1960 fatal Soviet launch pad disaster

The Nedelin catastrophe or Nedelin disaster, known in Russia as the Catastrophe at Baikonur Cosmodrome (Катастрофа на Байконуре), was a launch-pad accident that occurred on 24 October 1960 at the Baikonur Cosmodrome in the Kazakh SSR, during preparations for the first test flight of a prototype R-16 intercontinental ballistic missile. The missile's second-stage engine ignited while it was still on the pad, rupturing the first stage and causing a fire and explosion among military and technical personnel gathered around the fuelled missile. The Soviet authorities suppressed information about the disaster for decades and falsely reported that Chief Marshal of Artillery Mitrofan Ivanovich Nedelin, head of the R-16 development programme, had died in an air crash. A 1994 state commission report gave the death toll as 78, including 74 killed at the site and four who later died in hospital; other estimates have varied. The accident is commonly described as the deadliest launch accident associated with rocket or spaceflight activity, although the R-16 was being tested as a military missile.

== Launch preparations ==
On 23 October 1960, the prototype R-16 intercontinental ballistic missile had been installed on launching pad 41 (стартовая позиция 41) awaiting final tests before launch. The R-16 formed part of the Soviet effort to field a more practical strategic missile than the earlier R-7, whose liquid-oxygen oxidiser made long-term launch readiness difficult. The missile was over 30 m long, 3.0 m in diameter and had a launch weight of 141 tons. The rocket was fuelled with the hypergolic pair of UDMH as fuel and a saturated solution of N_{2}O_{4} in nitric acid as the oxidiser—nicknamed "Devil's venom"—which was used because of the high boiling temperatures and hence storability of the fuel and oxidiser, despite being extremely corrosive and toxic. These risks were accounted for in the safety requirements of the launch procedures, but Nedelin's insistence on achieving a test launch ahead of the 7 November 1960 anniversary of the Bolshevik Revolution resulted in extreme schedule pressure, in a context of substantial emerging engineering difficulties. Ultimately, pre-launch tests began to overlap with launch preparations.

== Accident ==
During pre-launch testing, a fault in the replaced main sequencer caused the second-stage engine to fire while the missile was still on the pad. This ruptured the first stage directly below, causing an explosion that destroyed the missile. Before seeking refuge, the camera operator remotely activated automatic cameras set around the launching pad that filmed the explosion in detail.
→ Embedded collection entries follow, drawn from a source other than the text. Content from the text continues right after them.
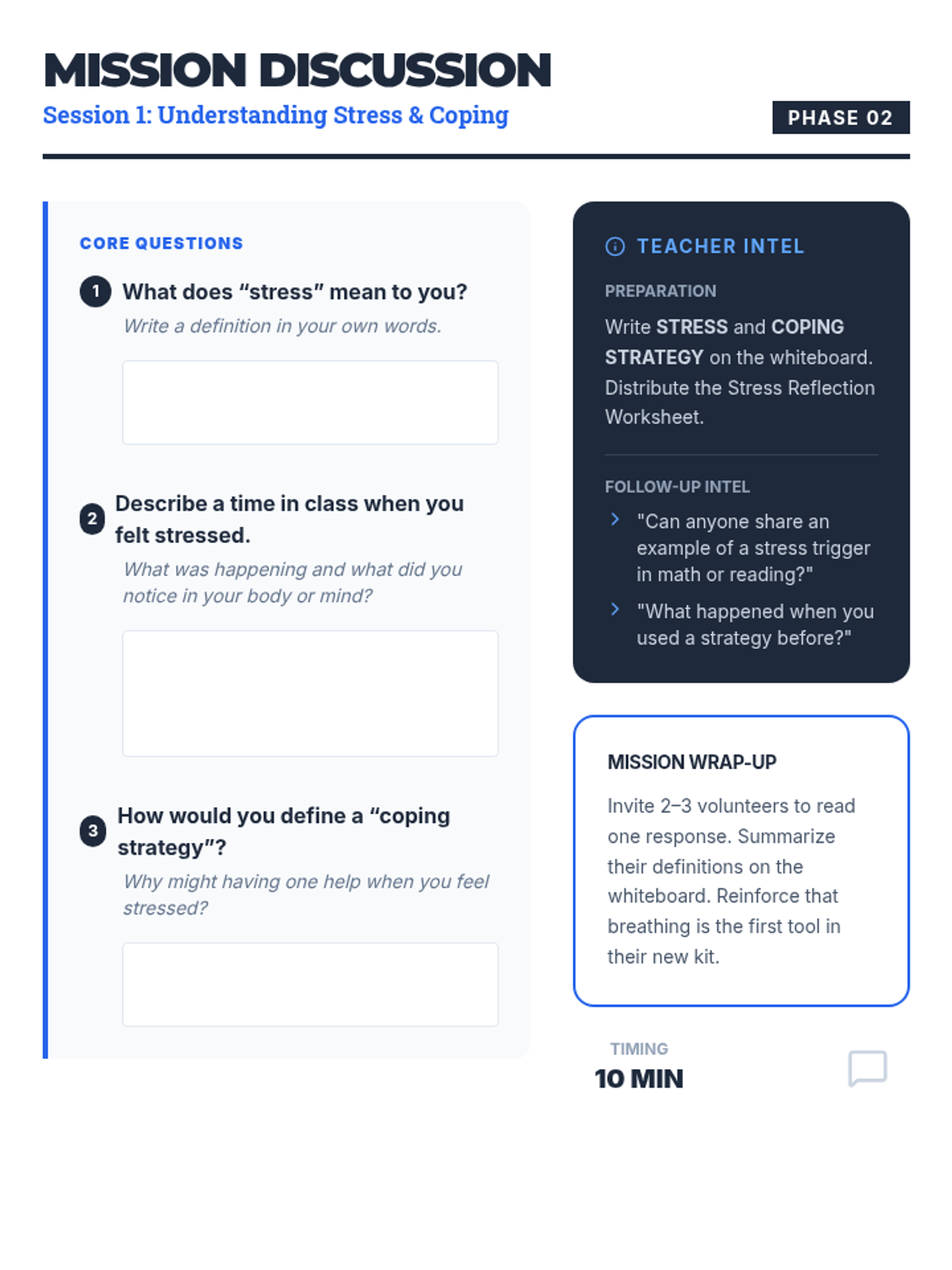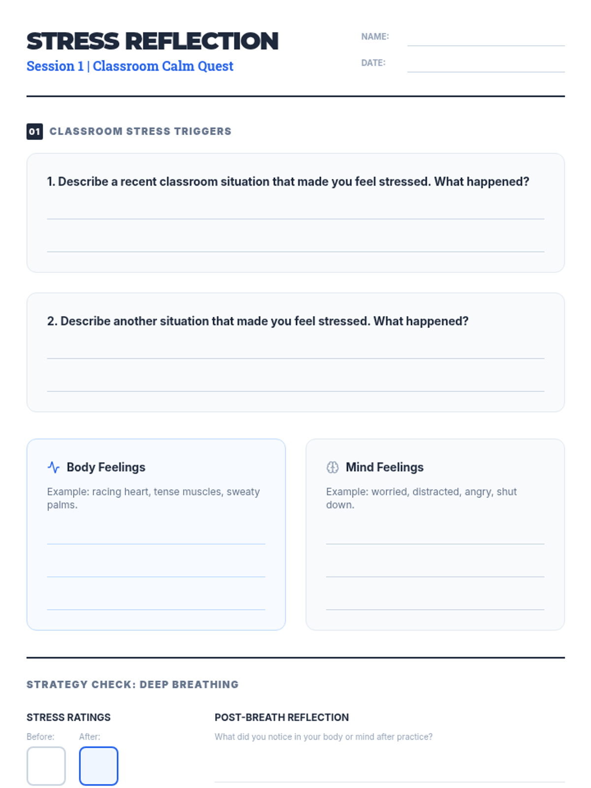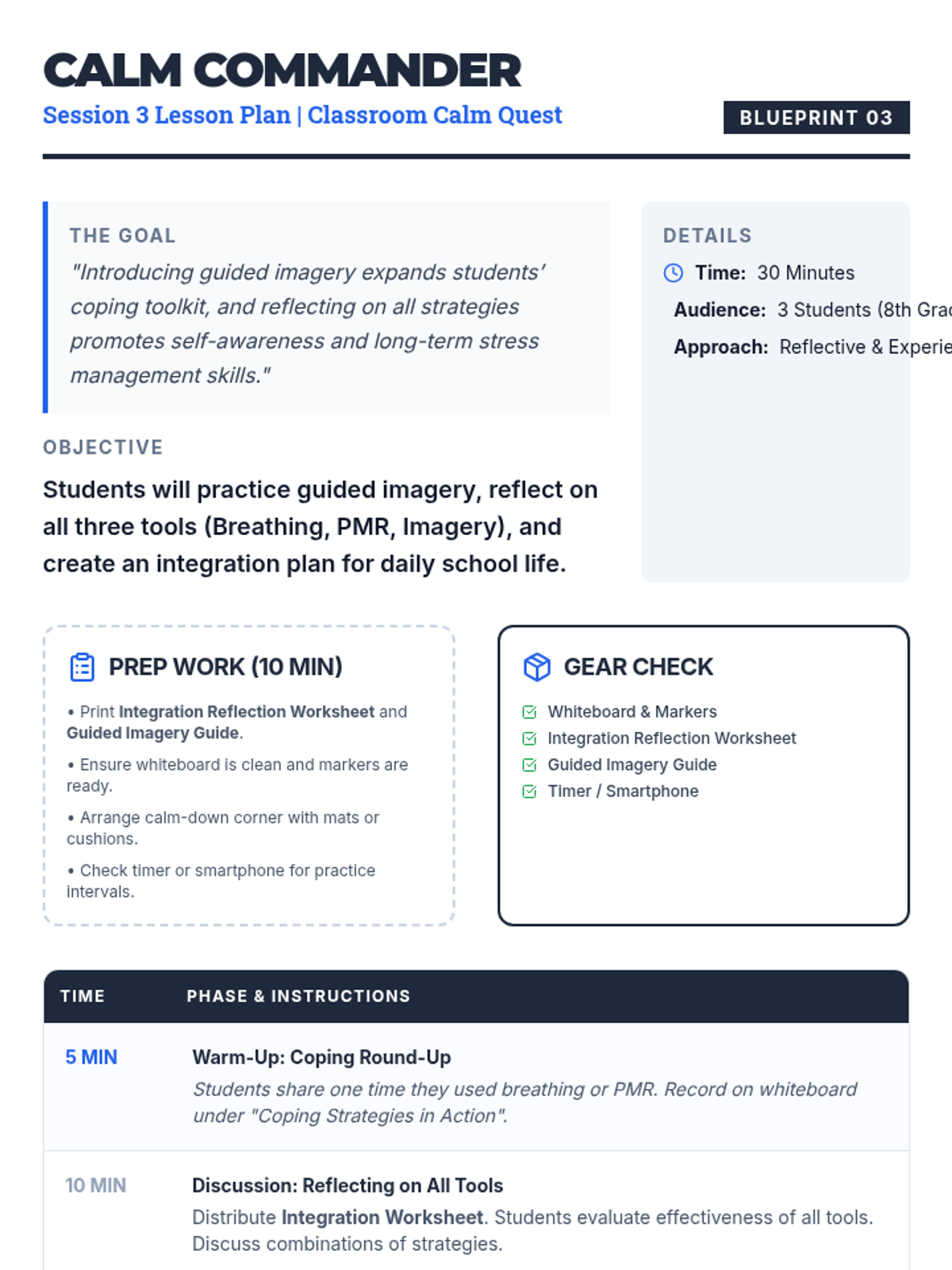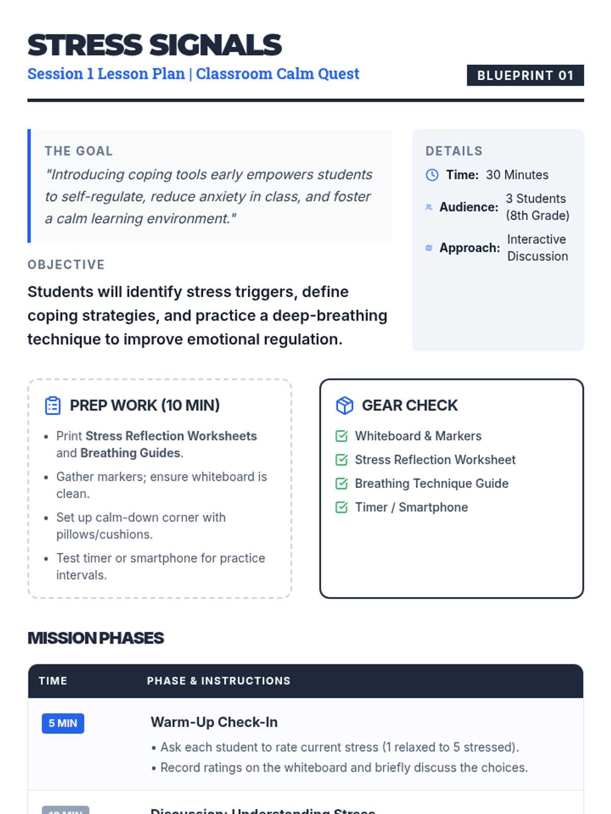 A three-session series for eighth-grade boys to master coping strategies like deep breathing, PMR, and guided imagery to manage classroom stress.
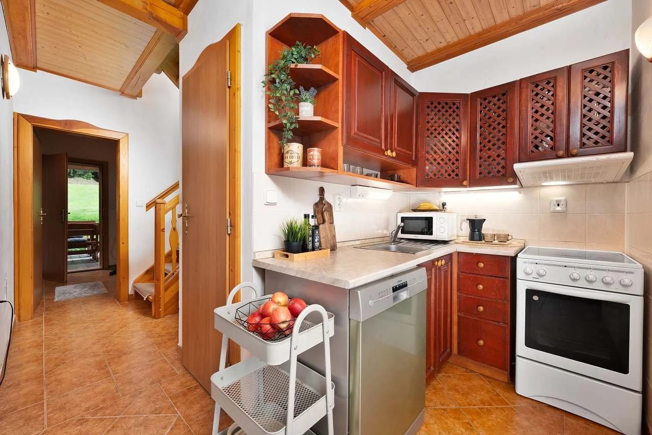 - Kuchyňský kout: myčka nádobí, elektrický sporák s troubou, mikrovlnná trouba, rychlovarná konvice, kávovar, nádobí
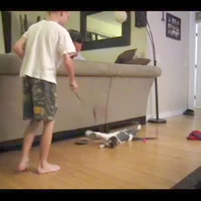 Cat leaps into the air and flips, landing hard on hardwood floor. Cat jumps to get a toy while playing with boy.
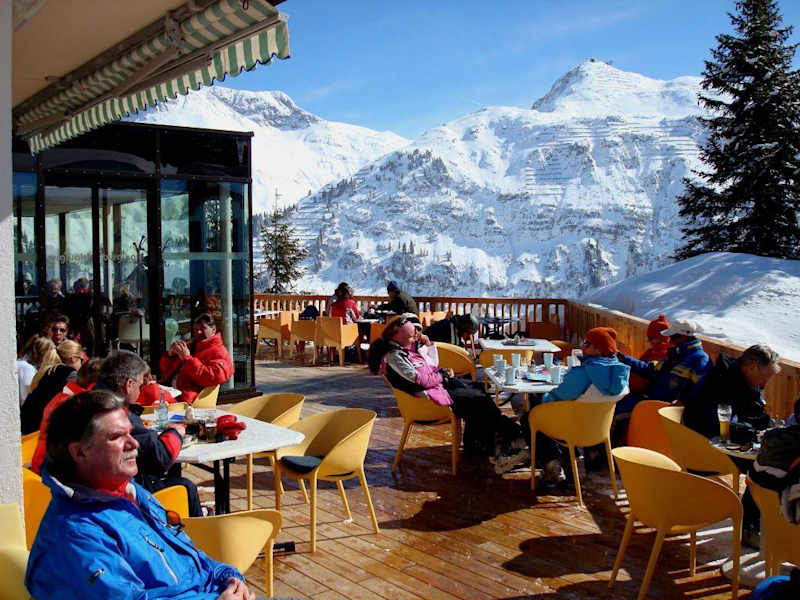 An den Pisten von Lech gibt es eine Vielzahl von guten Einkehrmöglichkeiten, um bei einer Mittagsjause in der Sonne wieder Kraft zu tanken. Besonders positiv ist mir die Sonnenterrasse des Hotel Burgwald in Oberlech aufgefallen: Hier sitzt man nicht nur sonnig, windgeschützt und gemütlich direkt an der Piste, sondern kann auch in einer umfangreichen Speisekarte wählen, die neben den üblichen Spezialitäten feine österreichische Küche anbietet. Der Service ist flink und sehr freundlich, absolute Referenzklasse! Meine Kässpätzle kamen in einer glühend heißen Gusspfanne mit einem frischen Gartensalat und waren ein Gedicht. Die Mengen an gratiniertem Käse und Röstzwiebeln suchen ihresgleichen – gut, dass man die Kalorien anschließend auf der Piste wieder umsetzen kann... Und der Espresso nach dem Essen hätte auch in Italien nicht besser geschmeckt! Wer statt auf einer überfüllten Hütte lieber auf ruhige Gastlichkeit setzt, ohne dafür das Skirevier verlassen zu müssen, dem sei die Terrasse des Hotel Burgwald sehr empfohlen.
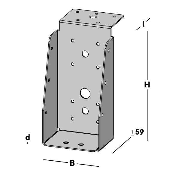 Balkdrager met lange lip, voor het verbinden van dwarsbalken aan een hoofdbalk (moerbalk). De balkdrager rust met de lip op de hoofdbalk en wordt via de gaten in de rug bevestigd. Hierna wordt een dwarsbalk ingelegd die via de gaten in de zijkant van de balkdrager kan worden gefixeerd.
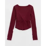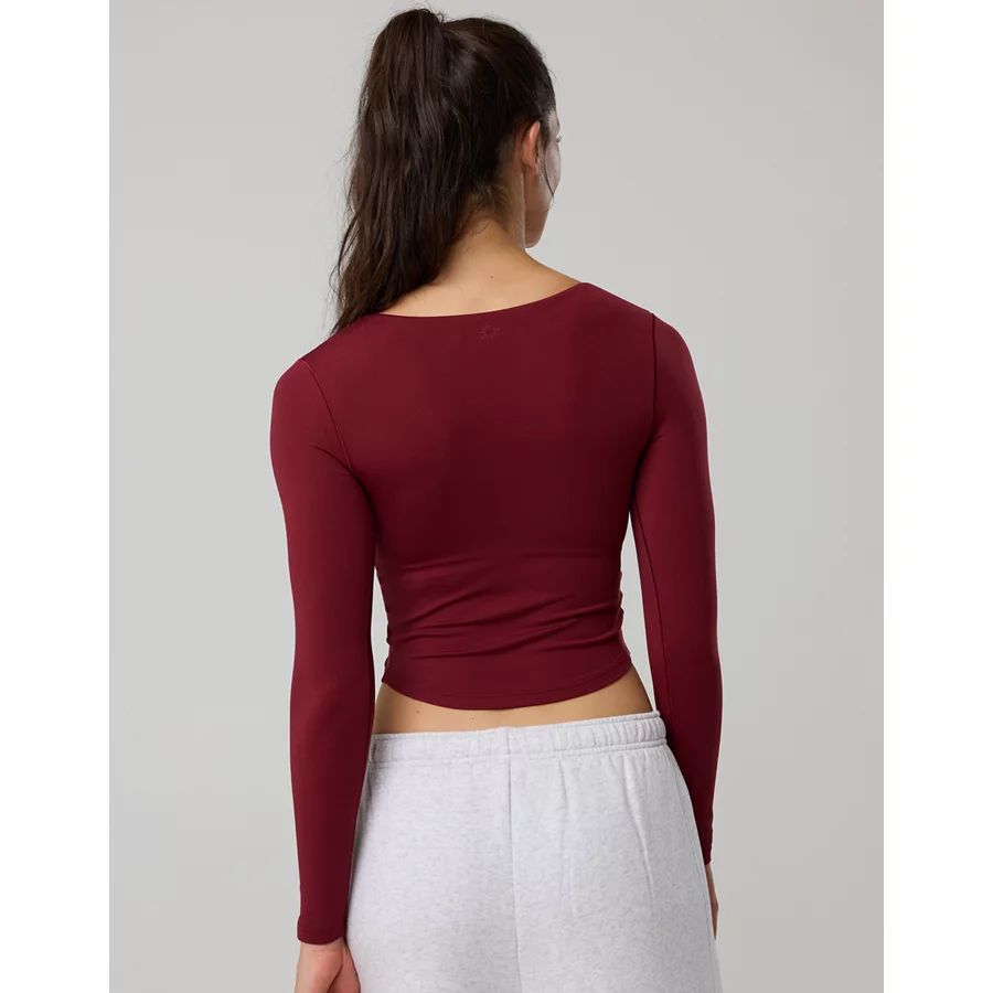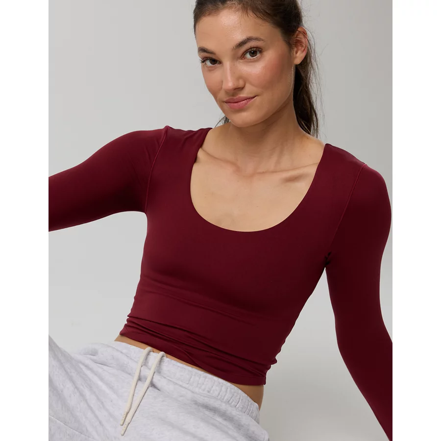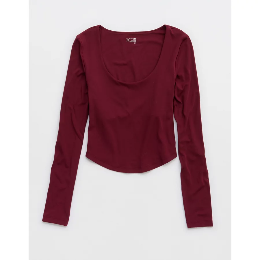 OFFLINE By Aerie Real Me Long Sleeve Scoop T-Shirt – Deep Cherry

People near the rocket were instantly incinerated; those farther away were burned to death or poisoned by the toxic fuel component vapors. Andrei Sakharov described many details: as soon as the engine fired, most of the personnel there ran to the perimeter, but were trapped inside the barbed-wire security fence and then engulfed in the fireball of burning fuel. The explosion incinerated or asphyxiated Nedelin, a top aide, the USSR's top missile-guidance designer, and over 70 other officers and engineers. Still others died later of burns or poisoning. Missile designer Mikhail Yangel survived only because he had left to smoke a cigarette behind a bunker a few hundred metres away, but nonetheless suffered burn injuries.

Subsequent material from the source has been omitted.